Metropolitan News-Enterprise

 

Wednesday, December 1, 2010

 

Page 3

 

Services Friday for Former First Lady Virginia Knight, 92

 

By a MetNews Staff Writer

 

Funeral services are set for Friday for Virginia Knight, former first lady of California, who died Monday.

She was 92.

A poetess, the former Virginia Carlson was wed on Aug. 2, 1954, to California Gov. Goodwin J. Knight. They remained in the executive mansion until January of 1959 when the term to which the Republican Goodwin Knight was elected in 1954 expired.

 Virginia Knight viewed it as a favorable omen when the telephone number that was randomly assigned to a grassroots Knight for Governor organization on Aug. 2, 1961 was “DUnkirk 7-3131.” The phone was hooked up on the Knights’ seventh wedding anniversary, and Goodwin Knight was the 31st governor of the 31st state.

 However, a bout with hepatitis precluded the former governor from seeking to regain the post he had occupied for five years.
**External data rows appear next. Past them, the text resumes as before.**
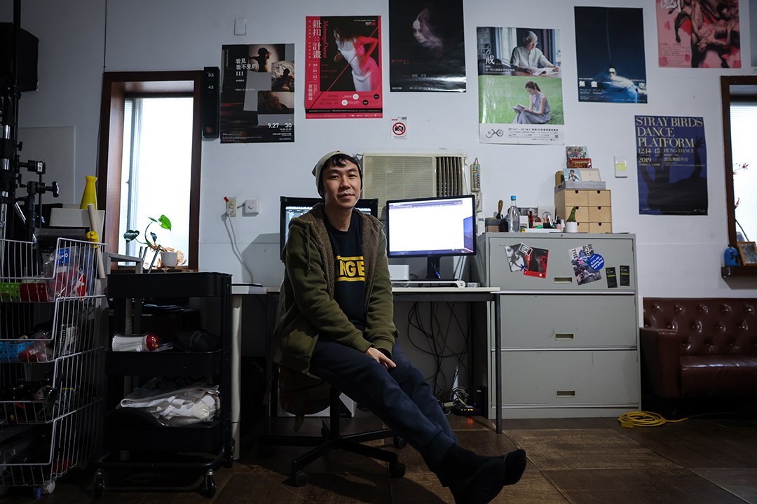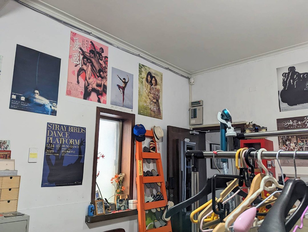 相比「豬屠口」一詞帶來的血腥感,貼滿舞台劇宣傳海報的工作室,顯得格外溫馨,牆上有孫翠鳳溫柔含笑、反串澎恰恰低頭默語,還有現代舞者們飽滿的肌肉線條,這些都出自林政億的鏡頭下。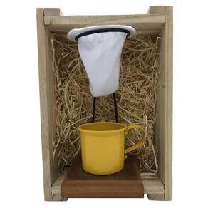 Esse kit é composto pela base madeira de demolição, coador de pano, 1 uma canequinha, uma caixa de madeira do tipo engradado.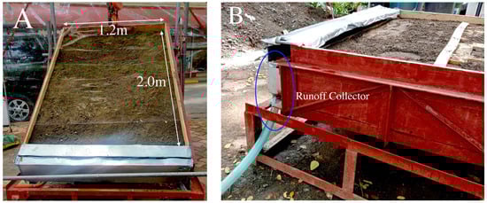 The experimental microplots were prepared under simulated and natural rainfall events. The microplot under simulated rainfall, shown in Figure 4A, had a dimension of 2.0 × 1.2 m with a depth of 0.25 m, based on the study of Quan et al. (2020) [33]. One side of the microplot bed frame was fastened with a chain block, allowing for adjustments to vary the inclination of the microplot to obtain the desired slope of the plots at 5°, 10°, and 20°. The soil placement in the plot had a total depth of 20 cm, and a 5 cm frame clearance on the surface was provided for the splash effect. A gutter was affixed to the end of the microplot to gather the runoff (Figure 4B). Similarly, the microplots under natural rainfall events had a dimension of 2.8 × 1.0 m, with a slope of 20° (Figure 5A). A runoff collector was also installed at the lowest end of the plots. The soil type used in all the microplots was a combination of coarse sand and silt since they have a beneficial impact on soil splash observation [34,35]. A total compaction effort of 23.5 kJ/m3 was applied to all microplots for a total depth of 20 cm [36].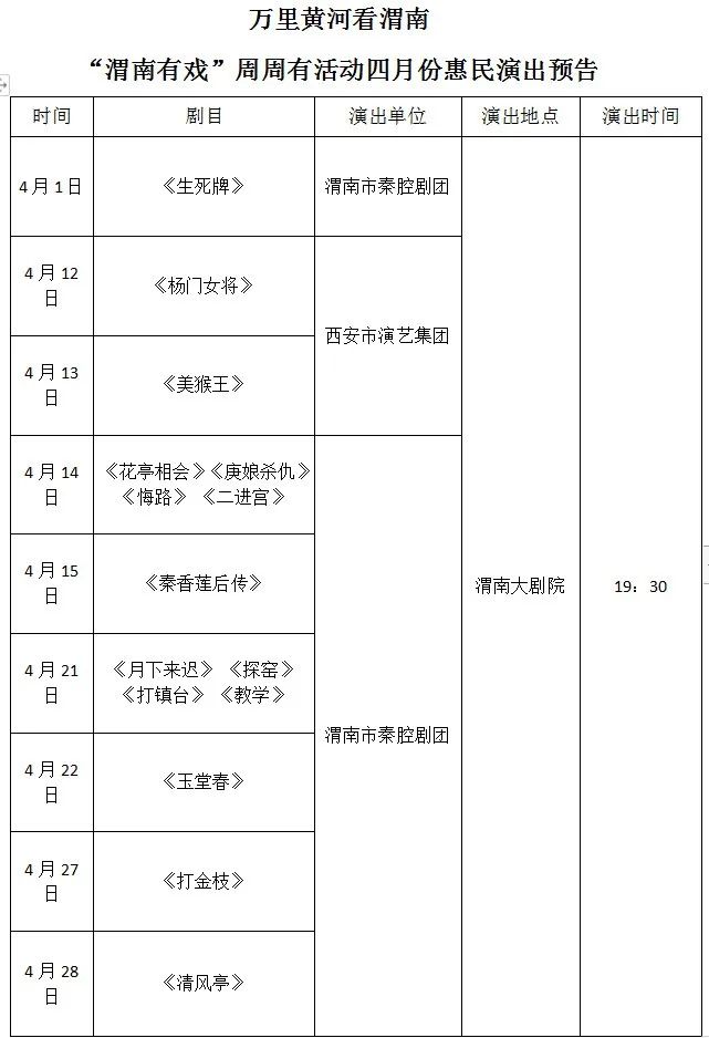 春意漸濃,這樣踏青出游的好時節(jié),不妨走進(jìn)劇場,度過一段美妙而充實的時光。周周有戲!萬里黃河看渭南系列活動繼續(xù)精彩不斷。 快隨我們了解四月的演出詳情吧!
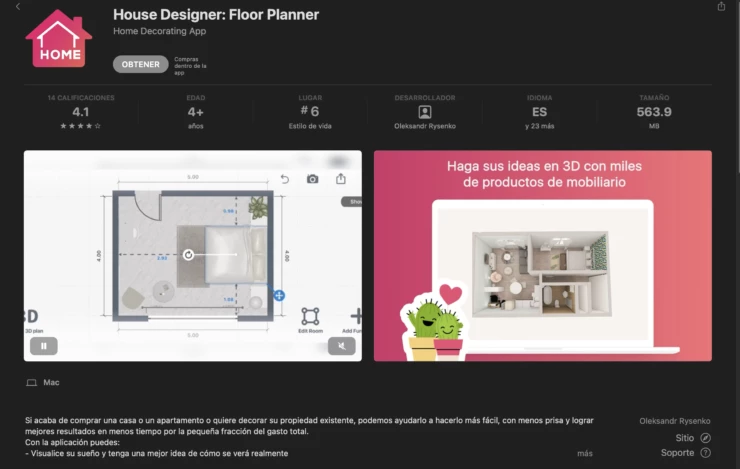 Es una de las apps más populares y simples de usar. Trabaja con diseños en 2D, 3D y HD partiendo del propio espacio en el estado en el que se encuentra en el momento actual o desde un diseño a partir de cero. Entre sus ventajas, cuenta con un amplio catálogo con accesorios y elementos deco para todos los gustos.

As lieutenant governor, he assumed the governorship on Oct. 3, 1953, when Earl Warren resigned that post to become chief justice of the United States.

Goodwin Knight met his bride-to-be at a television station on May 20, 1951. A leader of the American Legion Auxiliary, she sold him a paper poppy, an item used in fundraising.

Her first husband, a lieutenant in the Air Force, had been killed in action in Europe in 1944.

Goodwin Knight’s first wife died of a heart attack in 1952. Later that year, remembering his meeting the war widow a year earlier, he later telephoned her mother, whom he had known through her activities in the Republican party, to ask if she would arrange a date.

In May of 1953, Lt. Governor Knight and Mrs. Carlson were leaders of that year’s effort to raise funds for rehabilitation of hospitalized soldiers in the Korean War through the sale of paper poppies at street corners.

The former governor died in 1970 at the age of 73. At the burial at Hollywood Memorial Park, on May 25, his widow placed a paper poppy on his casket, as she softly said, “goodbye.”

A UPI photograph taken at the burial, published in the Los Angeles Times, depicted Virginia Knight holding the hand of Goodwin Knight’s grandson, Jonathan Weedman, then 10. He is now a senior vice president at Wells Fargo.

Known for her beauty, Virginia Knight’s appearance was often likened to that of actress Vivien Leigh.

She is reputed to have authored more than 300 poems. One of them, “Our Guiding Light,” was recited three years in a row at Memorial Day ceremonies, held at the Coliseum.

Milton Pollard, a close friend of Goodwin Knight and his business partner in later years, is quoted in an oral history project as telling an interviewer that Virginia Knight caused her husband to broaden his perspectives, saying:

“He expanded his mind and his thinking, his judgments and everything else. Yes, I think she was a tremendous influence on him.”

The former first lady, who was born Oct. 12, 1918, put stock in astrology. She exemplified an attribute associated with those born under sign of Libra, being a lover of beauty.

She personally redecorated the Executive Mansion.

Services will be private, Weedman said yesterday.